Modern power systems are huge, interconnected and very composite in nature. These large interconnected power systems are composed of many number of control areas having coherent group of generators. All the control areas are interconnected by the tie-lines, which are used for energy exchange between the areas and enable inter-area backing during uncharacteristic conditions (Talaq & Al-Basri, 1999). For quality and trustworthy power supply to the consumers, it is vital to uphold the frequency and tie-line deviations within the prearranged value of the power system (Masiala, Ghribi, & Kaddouri, 2004). Lately, all over the world, the configuration of conventional electric power utilities are in a changeover state from vertical integrated configuration to deregulated configuration. In deregulated structure, the electric power utilities are split into three separate control companies as GENCO, the Generating Company, DISCO, the Distribution Company and TRANSCO, the Transmission Company respectively. The purpose of all the three utilities are controlled by a separate independent operator called as an Independent System Operator (ISO). For reliable operation, the ISO has a number of ancillary services, load frequency control being one of the important ancillary services (Bekhouche, 2002; Rakhshani & Sadeh, 2010a, 2010b).

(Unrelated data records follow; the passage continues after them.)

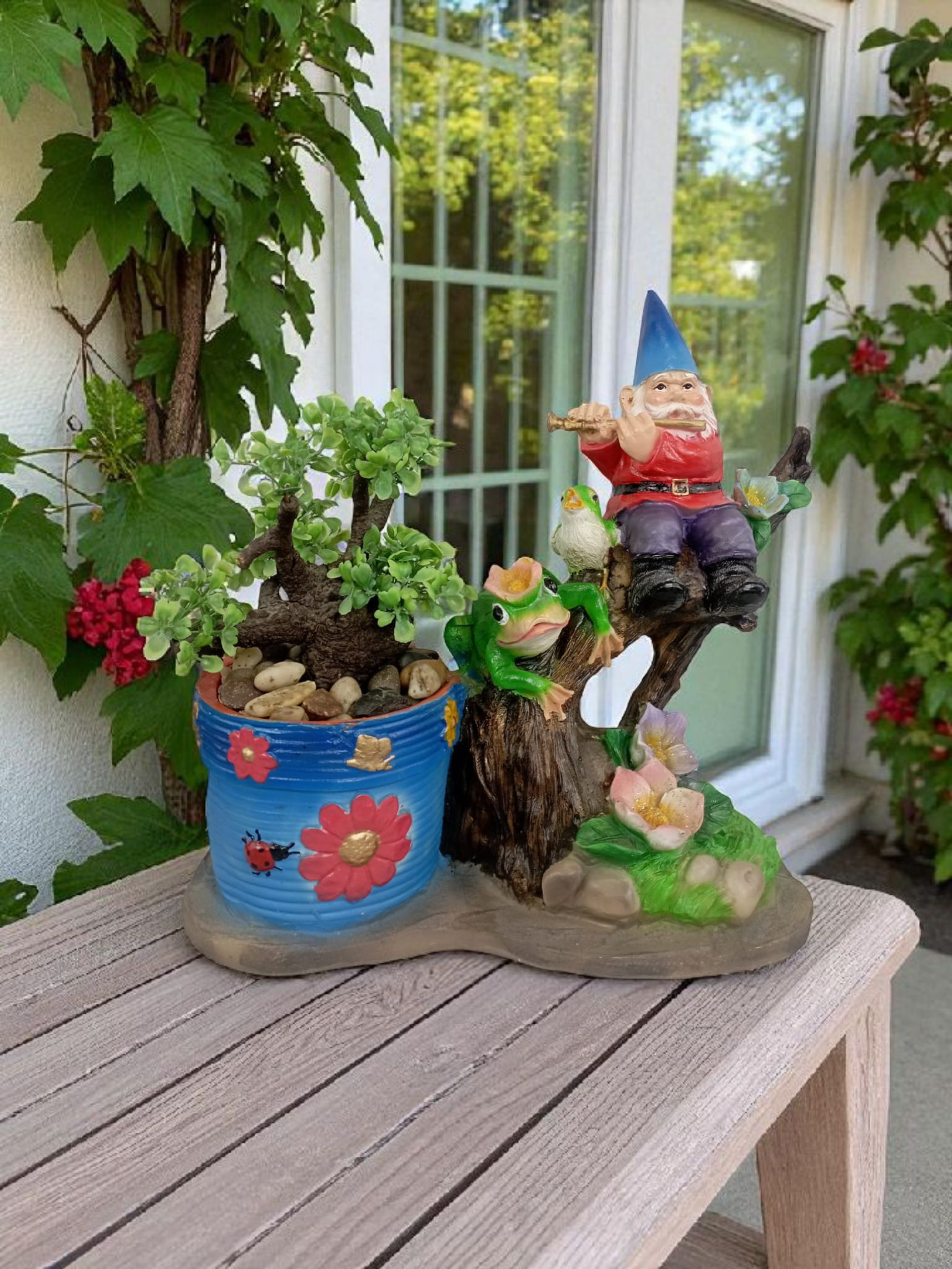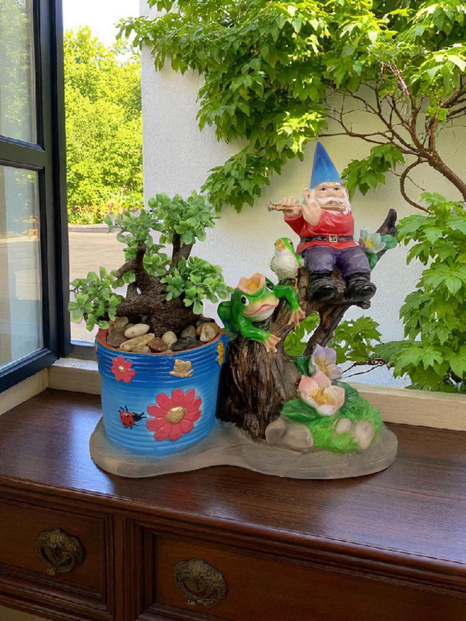 Maceta Decorativa Duende Músico con Animales – Fantasía Natural Artesanal
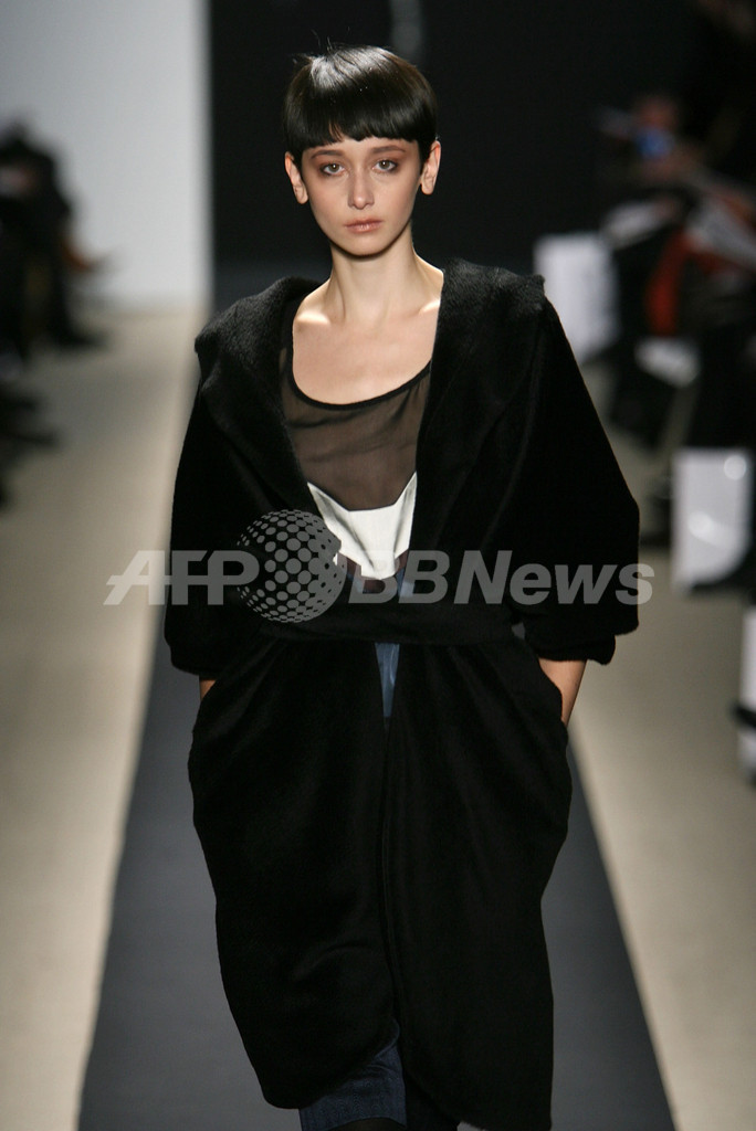 【ニューヨーク/米国 10日 AFP】2月2日より8日間、07/08年秋冬ニューヨーク・コレクションが、開催された。会期中には、約100ブランドがファッションショーや展示会形式で新作を発表。写真は、ラルフ ローレン(Ralph Lauren)のショーに登場したモデルのセシリア・メンデス(Cecilia Mendez)。(c)AFP/DON EMMERT
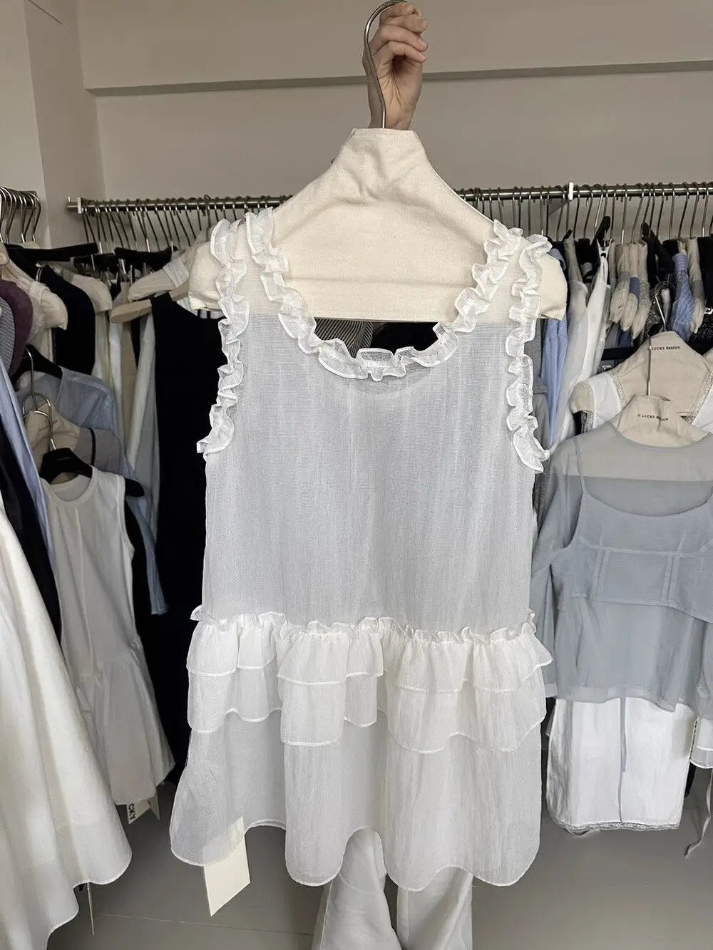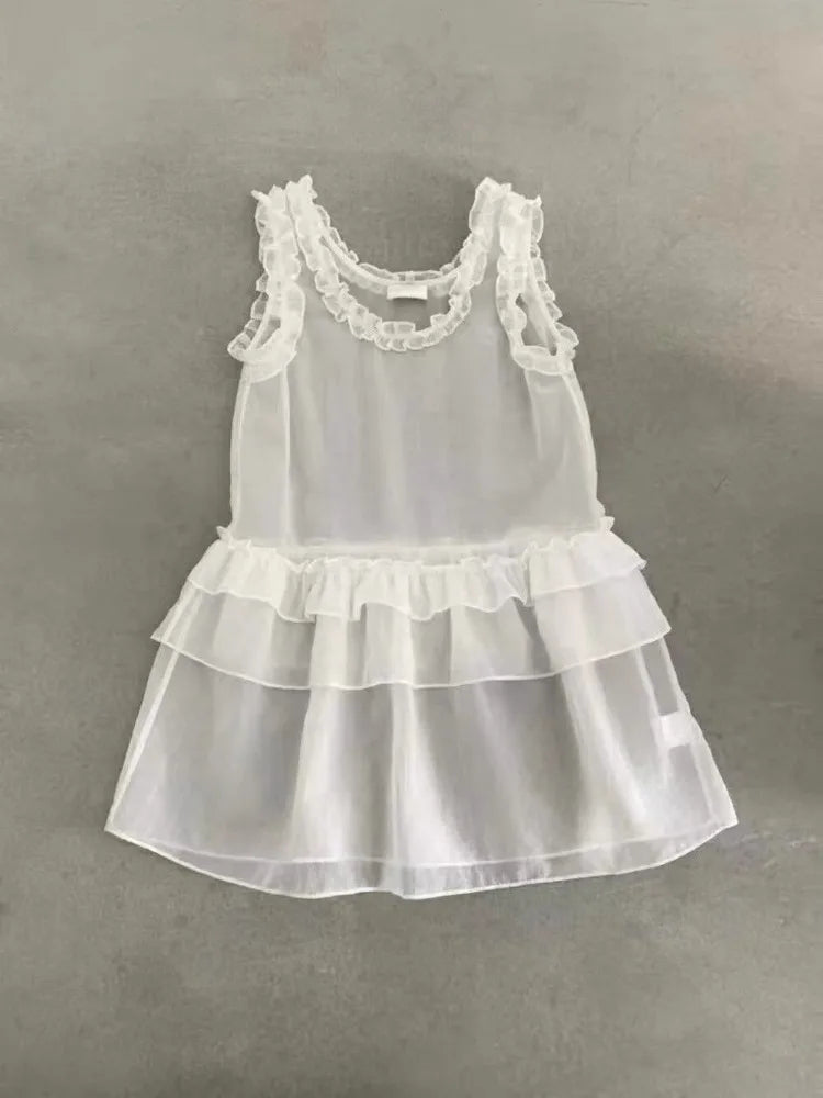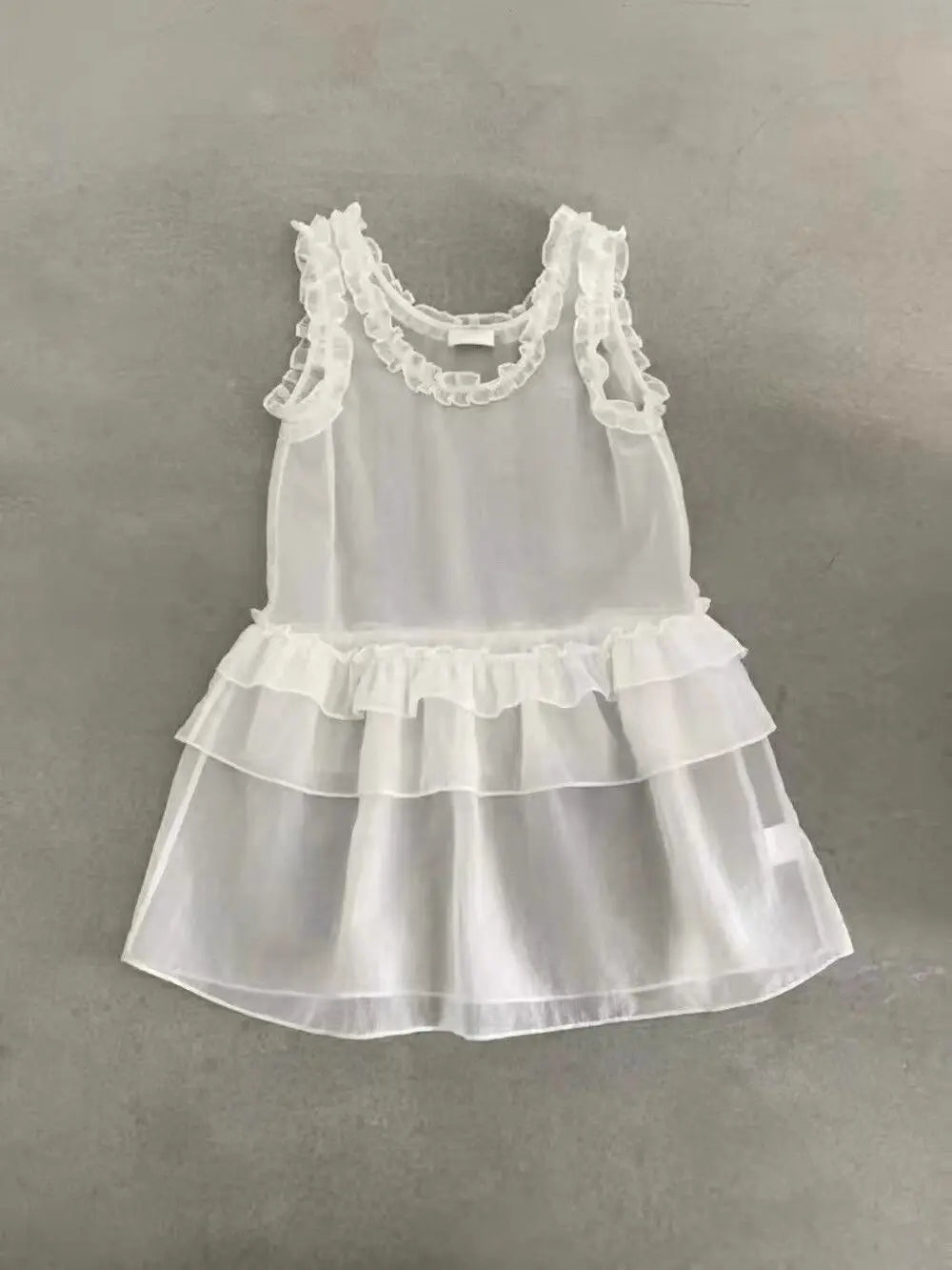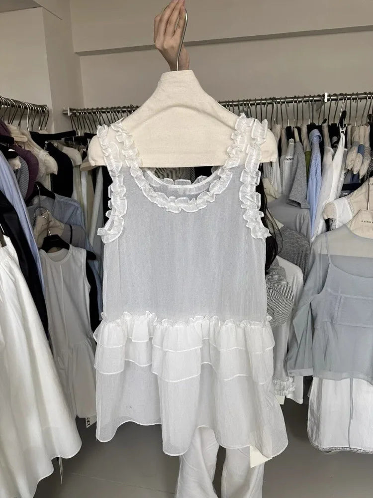 Bxoxo Korean Style Lace Tank Tops Women Y2k Fairycore White Ruffle Sleeveless Dress See-through Aesthetic Kpop Mesh Dress

During last decade, many techniques and approaches have been projected for design of LFC controllers (Jain, Chakrabarti, & Singh, 2013; Lakshmi, Fathima, & Muthu, 2016; Pandey, Mohanty, & Kishor, 2013; Shayeghi, Shayanfar, & Jalili, 2009). Most of the controller designs are based on the conventional approach. The conventional controllers are fixed gain controllers being designed for nominal operating conditions. Such type of controller designs does not integrate the different operating conditions of the operating power system and does not revise the parameters for computing their gain values. So, these controllers cannot afford enhanced performance (Hosseini & Etemadi, 2008). To overcome the above mentioned drawbacks and to improve the system performance, the design of an ANFIS-based controller gains added significance.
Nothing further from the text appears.